Preprocessing

This tutorial is available as an IPython notebook at Malaya/example/preprocessing.

[1]:
%%time
import malaya
CPU times: user 4.73 s, sys: 664 ms, total: 5.39 s
Wall time: 4.38 s

Available rules

We know that social media texts from Twitter, Facebook and Instagram are very noisy and we want to clean as much as possible to make our machines understand the structure of sentence much better. In Malaya, we standardize our text preprocessing,

  1. Malaya can replace special words into tokens to reduce dimension curse. rm10k become <money>.

  2. Malaya can put tags for special words, #drmahathir become <hashtag> drmahathir </hashtag>.

  3. Malaya can expand english contractions.

  4. Malaya can translate english words to become bahasa malaysia words. Again, this translation is using dictionary, it will not understand semantically.

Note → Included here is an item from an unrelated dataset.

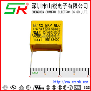 品牌 岱恩DAIN/天泰TC/TENTA/凯利Carli/塑容SR/HJC/UTX/星光电/双诚GLC/华伦/安规电容 型号 X2 275V 273K P=10mm
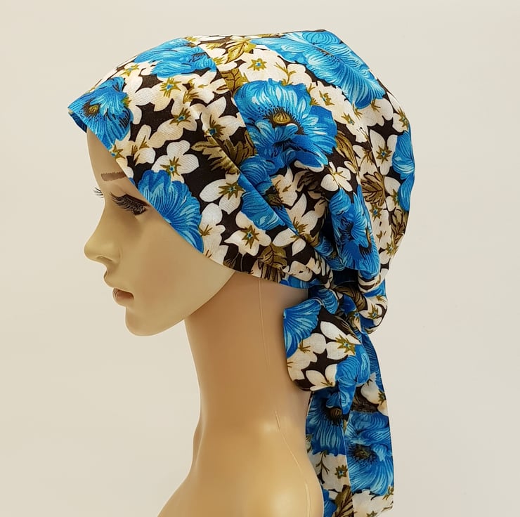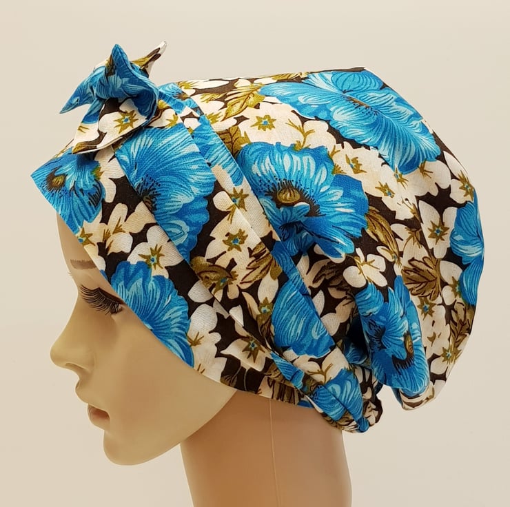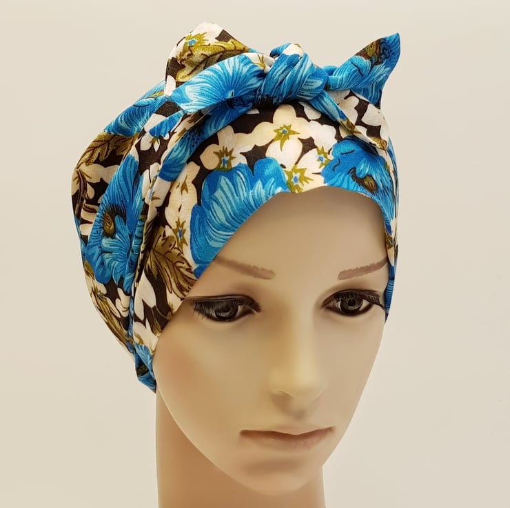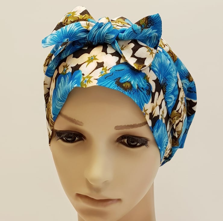 The headscarf looks amazing and helps in many ways. This self tie apron style Head scarf is perfect for looking great when you want to keep your head under wraps for whatever reason.The style is elegant and practical. Head covering made with two tails which can be tie different . The front edge is foldable, you can extent the bonnet if necessary.

Purpose of this translation just to standardize to become bahasa Malaysia.

  5. Stemming and lemmatizing, required stemmer object.

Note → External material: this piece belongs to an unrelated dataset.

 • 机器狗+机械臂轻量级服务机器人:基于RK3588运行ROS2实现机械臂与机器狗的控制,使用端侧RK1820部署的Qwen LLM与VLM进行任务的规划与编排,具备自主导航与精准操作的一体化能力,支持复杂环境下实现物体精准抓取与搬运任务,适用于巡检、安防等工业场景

  6. Normalize elongated words, required speller object.

  7. Expand hashtags, #drmahathir become dr mahathir, required segmentation object.

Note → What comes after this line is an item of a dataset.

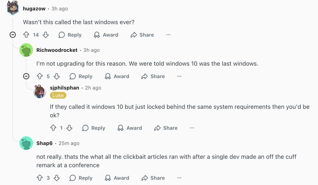 在 Reddit 上,有网友提出质疑,之前微软不是已经说过 Windows 10 是 “最后一个 Windows 系统” 吗?为什么还要强制大家更新到 Windows 11。

These are defaults setting for preprocessing(),

def preprocessing(
    normalize = [
        'url',
        'email',
        'percent',
        'money',
        'phone',
        'user',
        'time',
        'date',
        'number',
    ],
    annotate = [
        'allcaps',
        'elongated',
        'repeated',
        'emphasis',
        'censored',
        'hashtag',
    ],
    lowercase = True,
    fix_unidecode = True,
    expand_hashtags = True,
    expand_english_contractions = True,
    translate_english_to_bm = True,
    remove_prefix_postfix = True,
    maxlen_segmenter = 20,
    speller = None,
):

normalize

Supported normalize,

  1. hashtag

  2. cashtag

  3. tag

  4. user

  5. emphasis

  6. censored

  7. acronym

  8. eastern_emoticons

  9. rest_emoticons

  10. emoji

  11. quotes

  12. percent

  13. repeat_puncts

  14. money

  15. email

  16. phone

  17. number

  18. allcaps

  19. url

  20. date

  21. time

You can check all supported list at malaya.preprocessing.get_normalize().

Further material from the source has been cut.